◆ Goal of the exercise ◆
When you reach the line containing "This workshop is", begin reproducing the material exactly, stop after the line containing "Bruin satijnen roltasje", and leave out any pictures along the way.

◆ Data to examine ◆
----

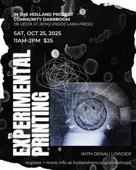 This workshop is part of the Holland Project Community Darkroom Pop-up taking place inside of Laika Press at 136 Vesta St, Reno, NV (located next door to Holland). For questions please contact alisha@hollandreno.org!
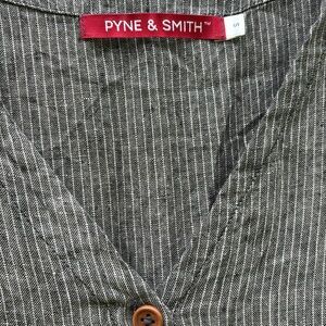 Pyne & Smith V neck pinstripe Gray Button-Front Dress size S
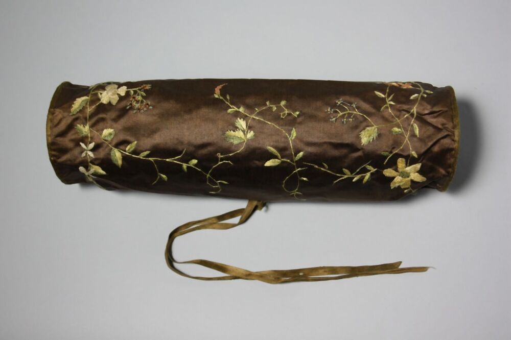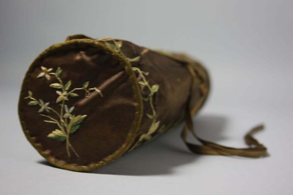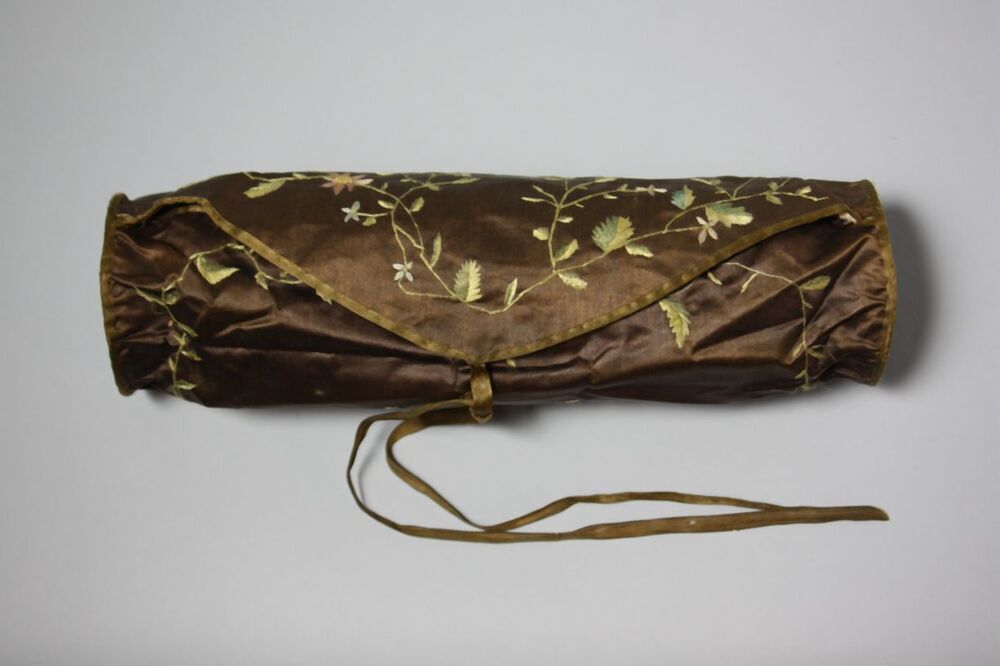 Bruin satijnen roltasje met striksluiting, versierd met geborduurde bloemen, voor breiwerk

----

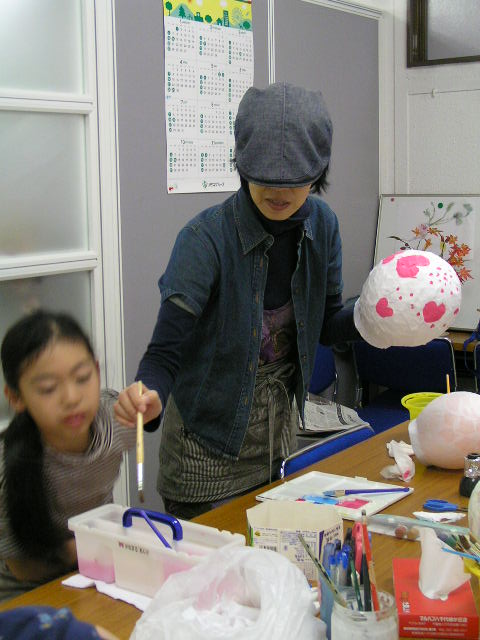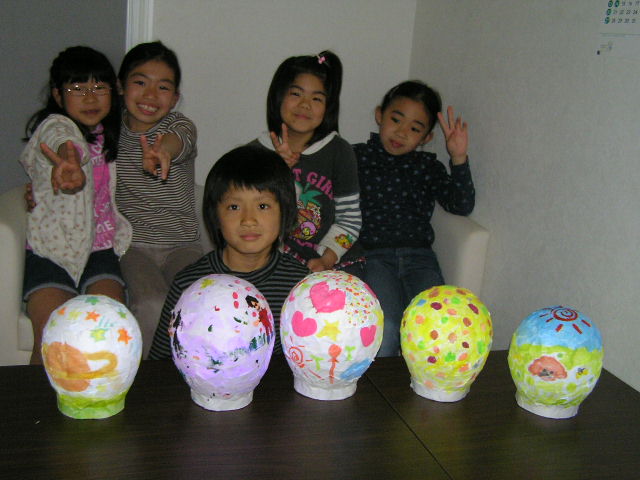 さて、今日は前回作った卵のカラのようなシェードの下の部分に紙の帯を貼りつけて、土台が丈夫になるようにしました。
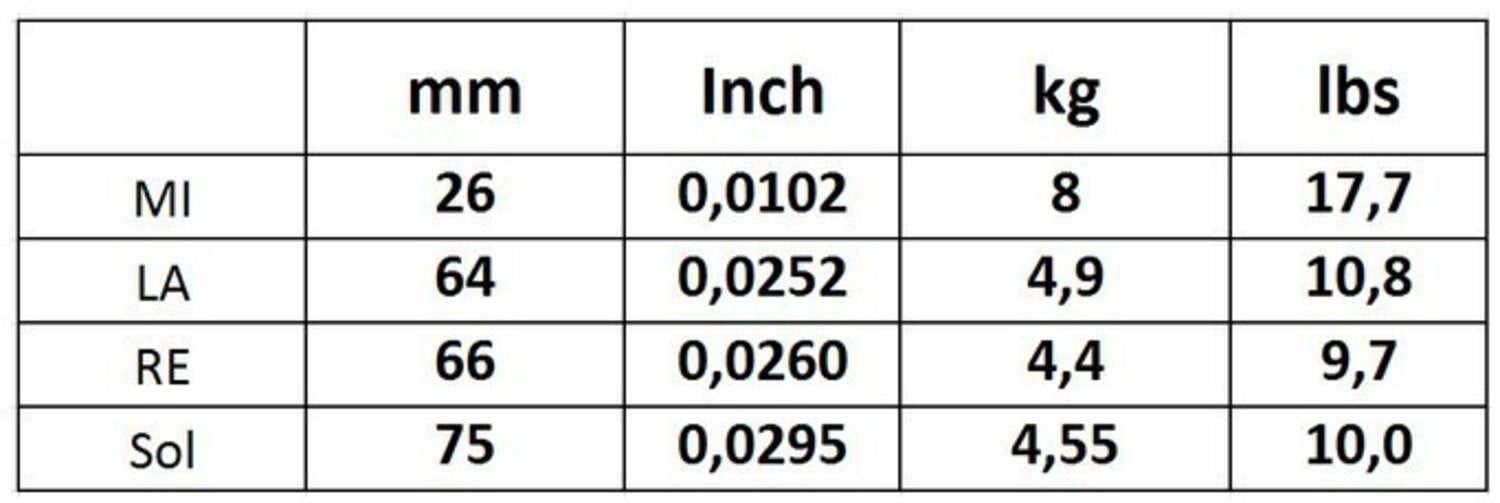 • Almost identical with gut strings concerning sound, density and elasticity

----

◆ Task output ◆
 This workshop is part of the Holland Project Community Darkroom Pop-up taking place inside of Laika Press at 136 Vesta St, Reno, NV (located next door to Holland). For questions please contact alisha@hollandreno.org!
 Pyne & Smith V neck pinstripe Gray Button-Front Dress size S
 Bruin satijnen roltasje met striksluiting, versierd met geborduurde bloemen, voor breiwerk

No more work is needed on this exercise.